Bengaluru, Jun 20: The Karnataka Health Department has issued guidelines on the admission of COVID-19 patients in private hospitals after clinical assessment, mandating that the district surveillance officer (DSO) should be first informed to initiate further procedures, an official said on Friday.

"A health team sent by the DSO should visit the home or hospital where the patient is staying. The team should conduct a rapid assessment of his or her health condition," said Karnataka's Additional Chief Secretary Jawaid Akhtar.

In the rapid health condition assessment, the team should first check the patient's body temperature, followed by SpO2 (oxygen saturation) level and confirm if there are any comorbidities such as hypertension, diabetes, tuberculosis, HIV, cancer, stroke etc.

Depending on the health condition of patients, Akhtar said, two categories have been made.

"Those who have body temperature greater than 37.5 degrees Celsius, SpO2 level below 94 percent, elderly (above 60 years) and suffering from known comorbid conditions should be taken to a dedicated Covid hospital (DCH)," he said.

"All other patients, even if older but not suffering from co-morbidities, those below 60 and suffering from co-morbidities and asymptomatic cases should be taken to a dedicated Covid health centre (DCHC) or a private hospital as opted by the patient," he added.

Private hospitals have been asked to pitch in due to the rising number of cases in Karnataka. Currently, there are 2943 active cases in the state after 337 cases were reported on Friday.

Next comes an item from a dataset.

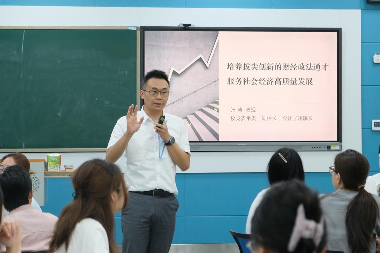 6月3日下午,校党委常委、副校长、会计学院院长张琦教授在文波楼203教室,为会计学院2022级本科生讲授主题为“培养拔尖创新的财经政法通才,服务社会经济高质量发展”的思政课。张琦教授以自身经历为生动范例,引导同学们聚焦自身成长,激发奋进力量。本次思政课主要分为三个部分:一是为何需要通才;二是为何需要财经政法通才;三是如何培养拔尖创新的财经政法通才。

"The patients are assessed clinically and evaluated at DCHCs or private hospitals with appropriate diagnostic tests. After evaluation, if the patients are asymptomatic, they are shifted to a COVID Care Centre (CCC) for further management," said Akhtar.

CCCs are expected to be equipped with ventilated rooms, pulse oximeters, handheld thermal scanners and blood pressure apparatus.

A nurse has to be present round the clock for every 50 patients and should visit each patient twice a day for assessment whereas the medical officer has to visit the CCC once a day. He should also be available on call in case of an emergency.

Staff serving food and others should wear personal protective equipment and an N-95 mask. Explaining the procedures at DCHCs, Akhtar said general examinations for medical conditions like body temperature, BP, pulse, oxygen saturation and urine output should be in place.

Investigations such as complete blood count, fasting blood sugar, random blood sugar, liver function tests, renal function tests, ECG and chest X-ray facilities should be available.

"DCHCs should ensure that above examinations are over in an orderly timeline of 24 hours and depending on the examination, the patient is continued to be lodged at the DCHC or sent to DCH or CCC," said the senior officer.

Likewise, the discharge policy should be done as per the protocols issued by the Health Department from time to time.

The Karnataka government is yet to fix an upper limit on the cost of treating COVID-19 patients in private hospitals. While reports indicated that this could be capped at Rs 5200 per day, health officials are yet to specify this is the case. Private hospitals in the state have asked the government to take a collaborative approach in deciding the fixed cap on treatment cost.